Arap müşrikleri Hz. Muhammed’in tek tanrısını kabul etmişlerdir. Bir şartları vardı. Putların da şefaatçi olacağını kabul etmesini istediler.
“Bir elime Ay’ı, bir elime Güneş’i koysanız ben bunları kabul etmem” demiştir.
Ölüm veya doğum gününde Anıtkabir ziyaret edilmeyecek...
Türkiye Büyük Millet Meclisi Başkanı olduğu gün veya diğer önemli gümlerde, onun ortaya koyduğu ve milletimizin benimsediği ilkeler anlatılacak.
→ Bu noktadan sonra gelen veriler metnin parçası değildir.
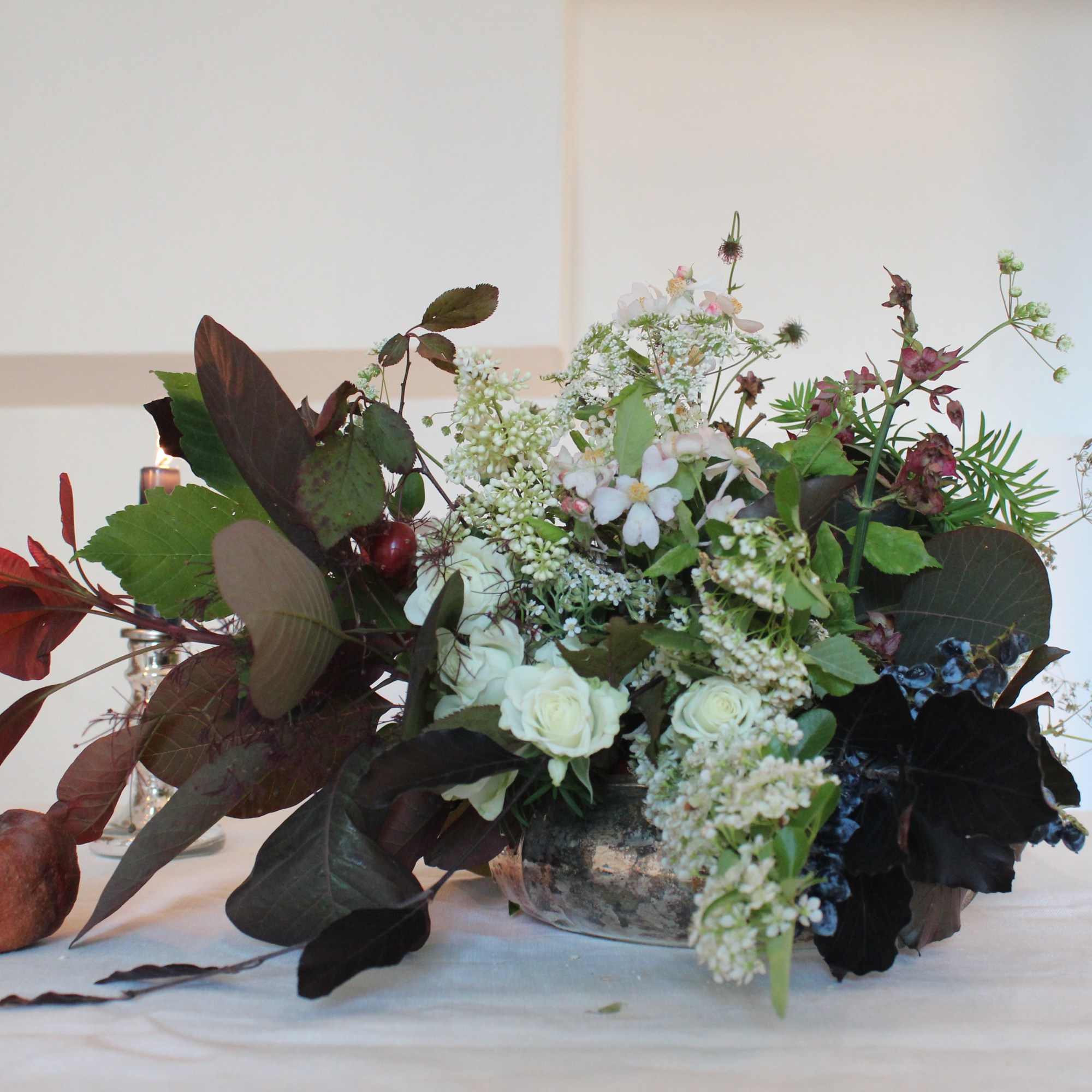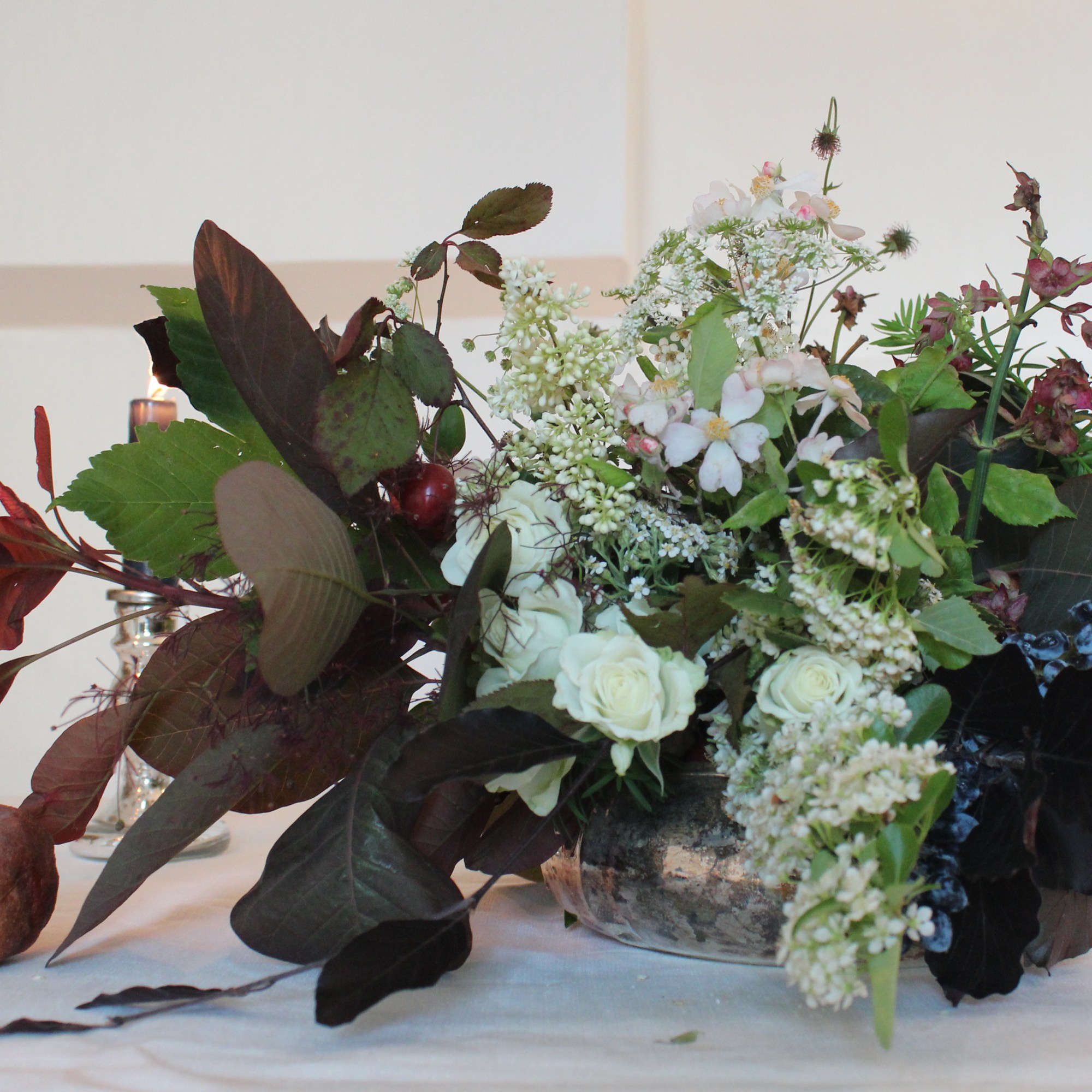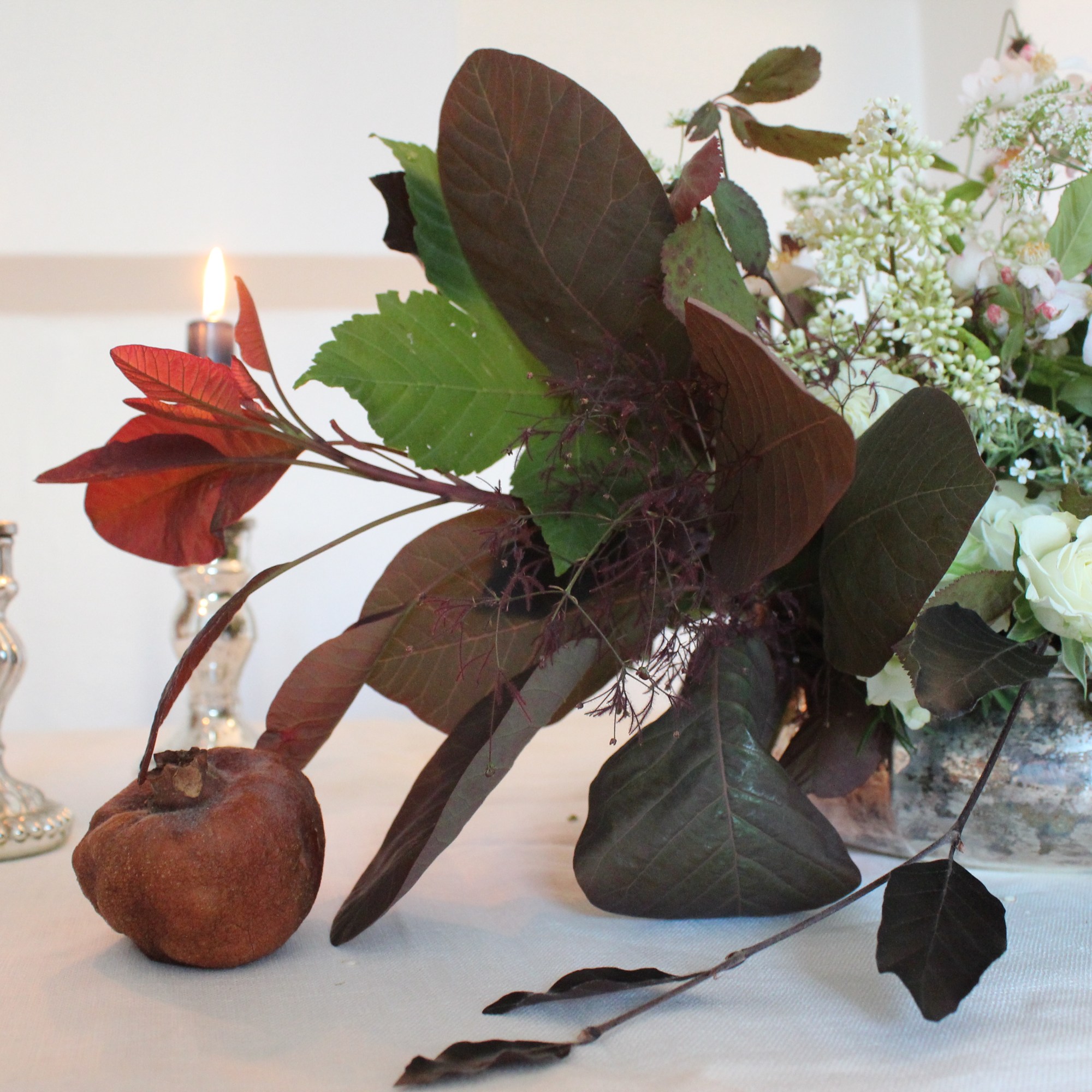 Iniziate posizionando il vostro flower frog* al centro della ciotola in argento, fissandolo con un po’ di plastilina al fondo. Assicuratevi che la ciotola sia ben pulita e asciutta. Questa composizione floreale dev’essere tenuta “bassa”, non deve cioè svilupparsi in altezza per non disturbare la visuale ai commensali : partite quindi con una base costituita da foglie e infiorescenze di Sommacco bordeaux e rametti di Faggio, le cui foglie sono di un color fegato molto intenso, tendente al nero (stupendeeee!).

Millî Hâkimiyet, Millî Kuvvet, Kuvvetler Birliği ve Müsbet İlim ilkeleri ile Milliyetçilik ve İnkılâpçık, Devletçilik ve Ahlâkçılık, Lâiklik ve Cumhuriyetçilik anlatılacak, tartışılacak...
Kişilerden yalnız Hazreti İsa’nın doğduğu gün kutsidir, o da anılıp kutlanmaz.
ANDIMIZ VARDI; KALDIRILDI!
"Türküm, doğruyum, çalışkanım, Yasam; küçüklerimi korumak, büyüklerimi saymak, yurdumu, milletimi özümden çok sevmektir. Ülküm; yükselmek, ileri gitmektir. Ey büyük Atatürk! Açtığın yolda, gösterdiğin hedefe durmadan yürüyeceğime ant içerim. Varlığım Türk varlığına armağan olsun. Ne mutlu Türküm diyene!"
Bu andda en hatalı ifade “Ey büyük Atatürk!” sözüdür.
Ölüler muhatap olmaz, olamaz.
“Ey Muhammed!” de denemez. Çünkü o duyamaz. Onu duyar kabul etmek onu tanrı kabul etmektir. O sebepledir ki dua ederken “Sevabını Muhammed’e hediye eyledik, Allah’ım Sen vasıl eyle” derler.
" Ben Hakk’a inanan bir Türk insanıyım, doğruyum, çalışkanım, Yasam; küçüklerimi korumak, büyüklerimi saymak, yurdumu, milletimi, insanlığı özümden çok sevmektir. Ülküm; yükselmek, ileri gitmektir. Milletimin İstiklâl Savaşı ile açtığı yolda, gösterdiği hedefe durmadan yürüyeceğime söz veriyorum. Varlığım insanlığın varlığına armağan olsun. Ne mutlu Türküm diyene, ne mutlu Kürdüm diyene!"
(Başkaları da “Ne mutlu Lazım diyene!” der veya istediğini diyebilir.
Andın bu şekilde değiştirilmesi gerekirken, iktidar bunu tamamen kaldırdı!
“Ben Türk değilim, sahtekârım, tembelim…” anlayışının gençlerin beynine yerleşmesine izin vermiştir.